12 Colo. 226 | Colo. | 1888
delivered the opinion of the court.
Of the fifteen assignments of error in this case it is only necessary for us to notice the last, viz.: “The judgment is contrary to law and against the evidence,” as our decision thereon precludes a recovery by the appellee in this action. The complaint does not state, and the evidence does not show, that the appellee made any attempt to comply with section 4 of the act under which the lien is claimed. No statement as required by said section was either served or posted, and, without complying with this prerequisite, appellee was not entitled to a decree establishing a lien upon appellant’s property. The proceeding to enforce a mechanic’s lien is purely statutory,
That the notice required by section 5 of said act is in addition to, and does not take the place of, the statement required by the preceding section, is manifest from the language used in the fifth section, viz.: “ Every subcontractor, mechanic, laborer or material-man claiming a lien for the amount so specified in such statement or statements * * * shall, within forty days, * * * file a notice,” etc. Clearly, the statement or statements here referred to are those provided for in the preceding section, without the service or posting of which no lien attaches.

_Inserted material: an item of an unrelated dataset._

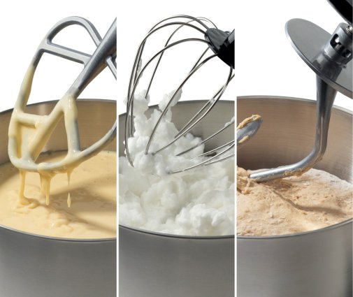 У комплект приладу входить гачок для тіста, вінчик і плоска насадка для збивання. Вінчик змішує інгредієнти; гак для тіста ефективно впорається навіть із найвибагливішим тістом; а насадка для збивання збиває відмінні вершки або ніжну білкову піну.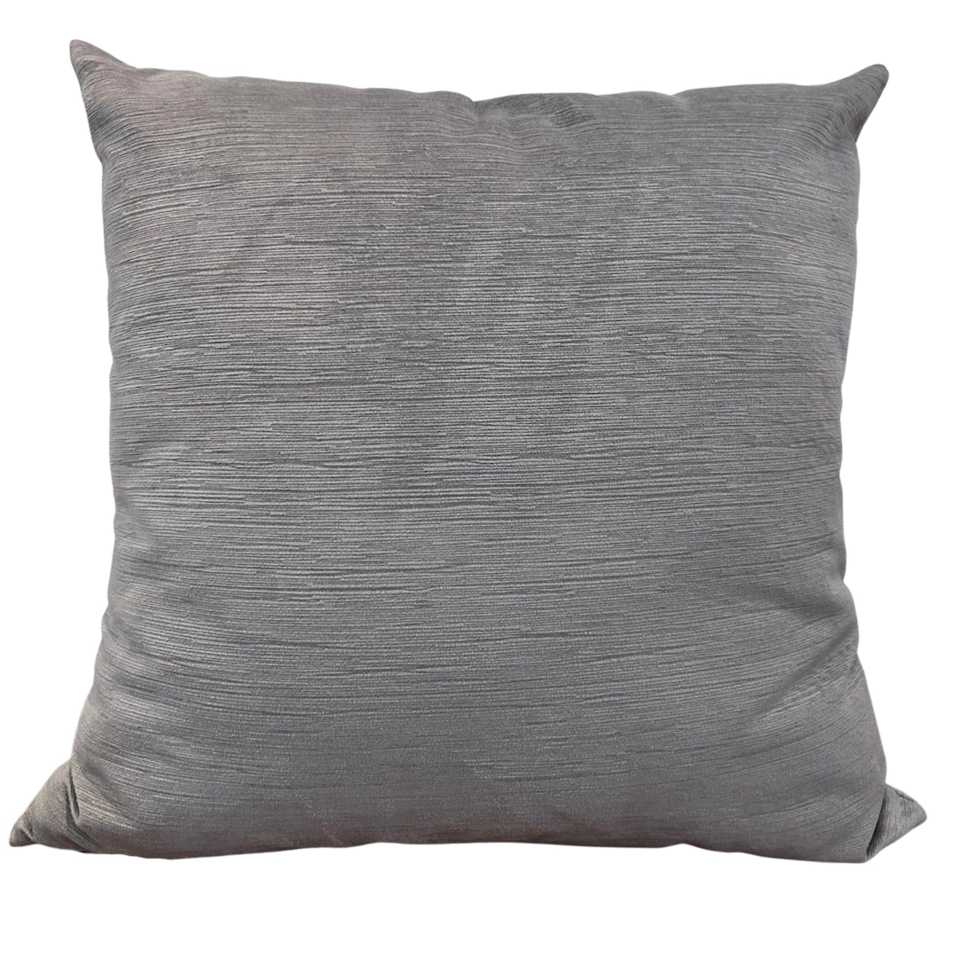 Cojín cuadrado de textura acanalada en gris medio. Su diseño moderno y tacto suave lo hacen perfecto para añadir confort y estilo.

It is claimed, however, that the lien sought to be enforced in this proceeding is in the nature of an equitable lien against the property of appellant, and that a compliance with the statute in reference to the service of a statement was therefore unnecessary, as the company had notice of appellee’s claim at a time when something was due from it to its contractor. Granting, as we do, that the statute gives a remedy of a beneficent character, and that it ought to receive a liberal construction from the courts, to the end that the purpose and intention of the legislature may be effectuated, still it gives a remedy unknown at common law or in equity, and its provisions must be at least substantially complied with; otherwise no lien will attach. In view of the judgment of the court below in favor of Cox, and without the statement required under section 4 of the act, we know of no principle of law or equity by which appellant’s property can be subjected to the payment of appellee’s claim. Phil. Mech. Liens, §§ 16, 338; Epley v. Scherer, 5 Colo. 536.
The judgment is reversed and the cause remanded to the' district court, with directions to dismiss the proceeding. Reversed.